A rating is, for example, the number of stars on Amazon or Glassdoor, a site where people can rate their workplaces), or a list of hearts in my local newspaper’s movie reviews
More formally, a rating is something that glues together three things: user, content, and the user’s sentiment toward the content item
User-item matrix isn’t always as populated. In fact, usually nonempty cells are rare because many internet shops have numerous users and plentiful items.
It’s definitely not a good thing to have a matrix that looks like a Danish beach in wintertime
For now, let’s focus on how to populate this matrix either from explicit ratings (added manually by users) or implicit ratings (calculated from the evidence you collect).
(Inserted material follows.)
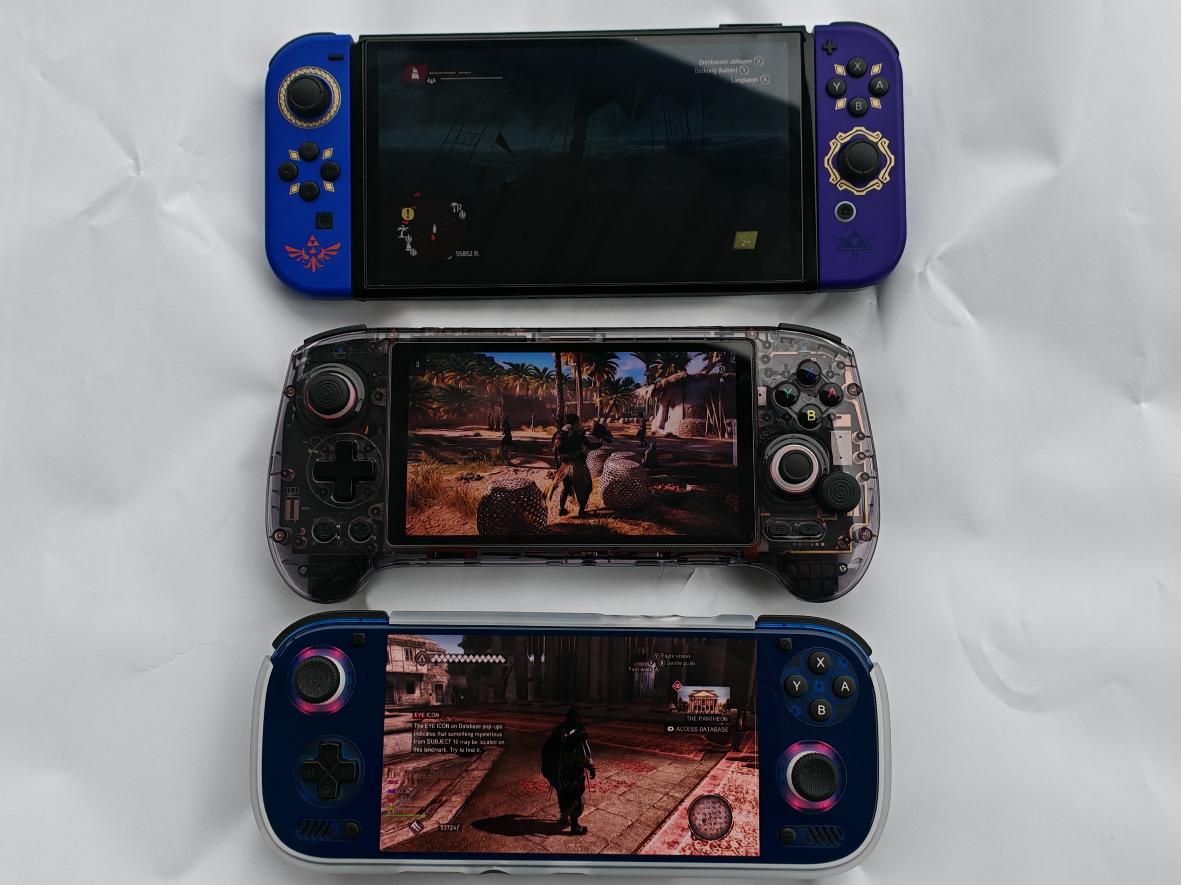 - Oben Switch OLED, Mitte RG557, unten AYN Odin 3 Tageslicht (draußen) – max. Helligkeit

When a user manually gives a content item a rating, it’s called an explicit rating.
Implicit ratings are deduced from monitoring people’s behavior. Sounds kind of scary when it’s written like that, doesn’t it? But remember, you’re trying to ease information overload and help users, not stalk and manipulate them into buying more.
Algorithm, which puts importance into recent events and not so much on older ones. These types of algorithms are called time-decay algorithms.
The formula takes the score (how many people upvoted this story minus how many who downvoted it) and divides that with a time decay element, using a term they call gravity, which indicates how fast an item’s ranking decays:
This problem is closely related to the well-known term frequency–inverse document frequency problem (TF-IDF among friends).
Often commercials are about things that the seller is trying to convince the user is a good offer or cheap (even if it isn’t), while a recommendation is about finding the user what they want.
A recommender system can be built in many ways, depending on how many recommendations you need to serve, the size of content catalog, and the number of visitors. One thing for certain is that you want it to be a structure that’s independent from your website, because you can quickly drown performance.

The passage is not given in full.